If only the category of dead and wounded “aggressors” is used, López Obrador’s six-year term results in a lower fatality rate, from 5.19 to 5.3, although it is not specified which one they use, and analysis such as Intersects They chose to add both the categories of “aggressors” and “victims”.
Questions about its methodology were sent to Sedena, but until the publication of this note they had not responded.
On the graph presented by the government, another point stands out: They use a different formula to do their calculation. Instead of dividing the number of deaths by injuries, as organizations such as Intersecta, and international studies such as Lethal Force Monitor, They obtain their result by subtracting the sum of detainees and wounded from the total number of deaths.
This, as pointed out by an analysis of academics from CIDE, it’s misleading because: “it seems highly likely that people who have been injured in a confrontation have been arrested, unless the security forces do not arrest those who have been injured and still manage to account for them. Namely, adding detainees and wounded would mean counting the wounded twice, because the number of wounded should be contained in the number of detainees”.
In the government presentation, data from “Armed Forces and National Guard” are mixed, but in the case of previous six-year terms, it is not detailed which corporations are considered for the sum.
This graph from Lethal Force Monitor, with data up to 2020, shows how the Navy had by far the highest level of lethality in previous six-year terms, and how that of the Army rose in the first two years of López Obrador:
One more inconsistency in the government’s illustration is that in its sum of deceased for this six-year term, the data for December 2018, the first month of the López Obrador government, do not add up. In the Army data, there were at least 10 civilians killed in that month.

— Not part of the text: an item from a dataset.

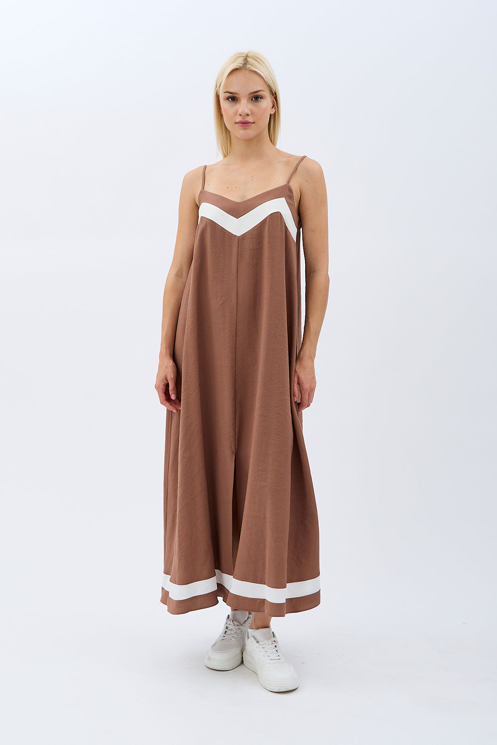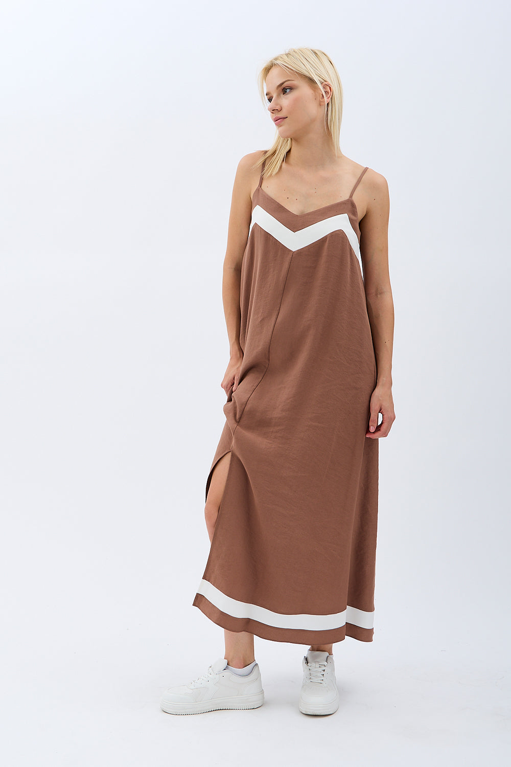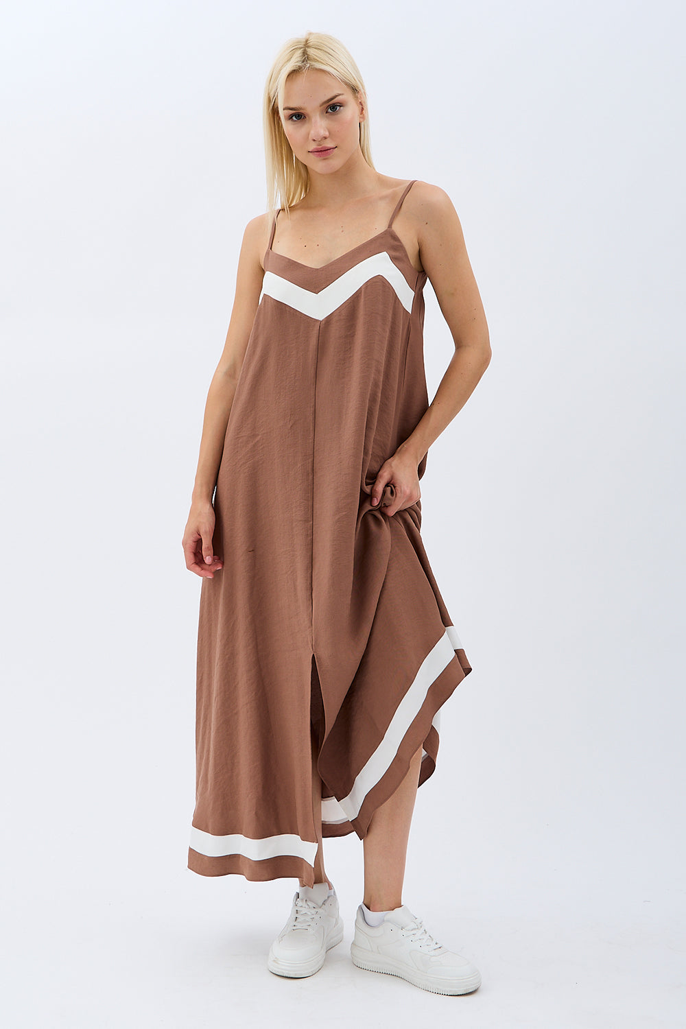 Yırtmaçlı Salaş Elbise (Kahverengi)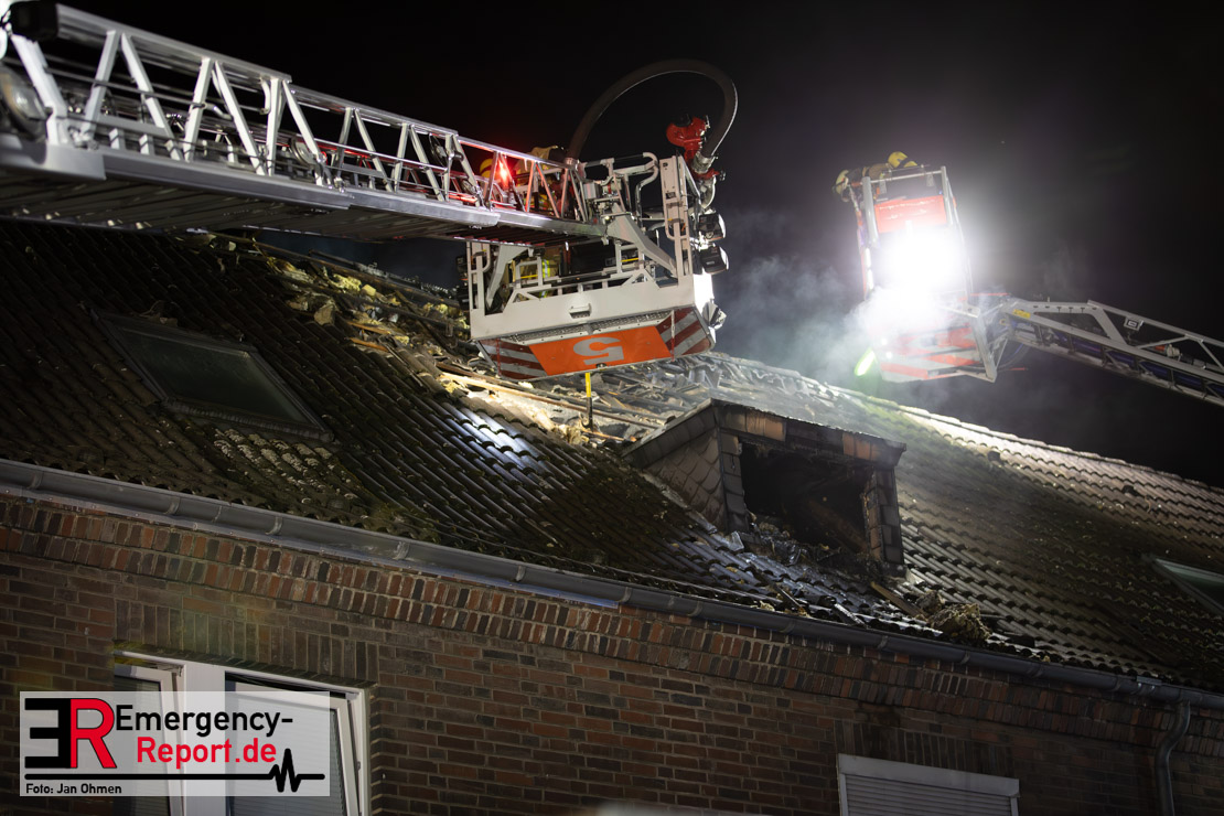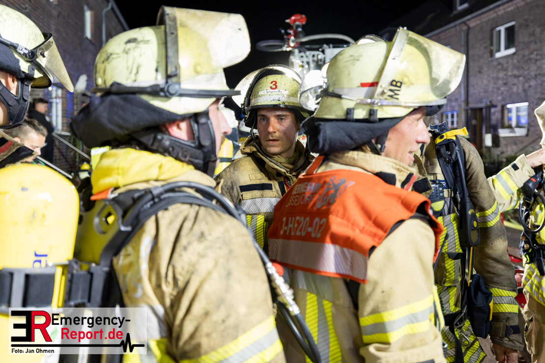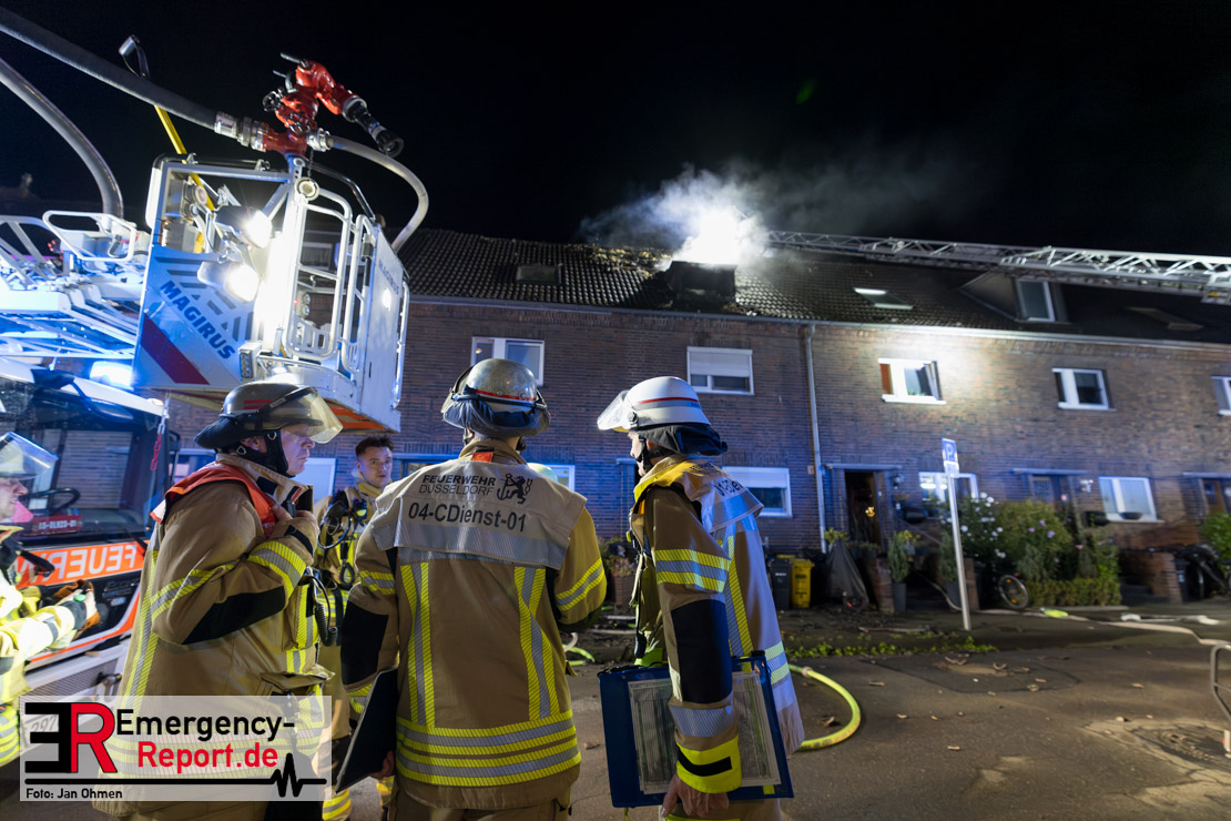 Gegen 22:30 erreichte die Leitstelle der Feuerwehr Düsseldorf ein Notruf, dass ein Dachstuhl eines Einfamilienhauses in Reihenbebauung in Brand geraten sei. Als die ersten Einsatzkräfte bereits wenige Minuten nach Alarmierung der an Brackeler Straße eintrafen, stellte sich die Situation wie folgt dar: Der Dachstuhle eines Einfamilienhauses brannte lichterloh. Das Feuer drohte auf die beiden Nachbargebäude überzugreifen. Sofort entsandte der Einsatzleiter mehrere Trupps unter Atemschutz zur Brandbekämpfung im inneren des Dachgeschosses und ließ zwei Drehleitern von außen das Feuer löschen. Aufgrund der möglichen Brandausbreitung wurden die Bewohner der Nachbargebäude aus ihren Häusern evakuiert. Durch die schnell eingeleiteten Löschmaßnahmen konnte ein Übergreifen des Feuers auf die Nachbargebäude aber verhindert werden. Die Bewohner ´der Nachbargebäude kamen für die Dauer des Einsatzes bei Nachbarn unter. Die Bewohnerin des brennenden Hauses wurde währenddessen Rettungsdienst der Landeshauptstadt untersucht und mit Verdacht auf eine Rauchgasvergiftung zur weiteren medizinischen Versorgung in ein nahegelegenes Krankenhaus transportiert. Nach gut 30 Minuten zeigten die massiven Löschmaßnahmen Wirkung und das Feuer war unter Kontrolle. Anschließend wurden durch die Feuerwehr umfangreiche Nachlöscharbeiten durchgeführt, welche sich sehr aufwendig gestalteten, da das Dach von innen und außen durch Einsatzkräfte geöffnet werden musste. Nach dreieinhalb Stunden konnten die 60 haupt- und ehrenamtlichen Einsatzkräfte der Feuerwehr Düsseldorf und des Rettungsdienstes der Landeshauptstadt zu ihren Standorten zurückkehren. Die Kriminalpolizei hat die Ermittlungen zur Brandursache aufgenommen.

Another form of analysis is that of the proportion of civilians killed in clashes with the Army, compared to those detained. In that category, the index in this six-year term has been 1.12, lower than that of Peña Nieto (1.15), although only by three hundredths, and that of Felipe Calderón (1.2).
Regarding those killed in clashes in the Army, of the total in López Obrador’s six-year term until April 2022, 4.7% were military and 95% civilians. A higher proportion of deceased civilians, since in the Peña Nieto government they were 93%.
One last fact: in the first two years of Peña Nieto’s six-year term, 820 Army confrontations were registered, and in López Obrador’s, 524. 36% less.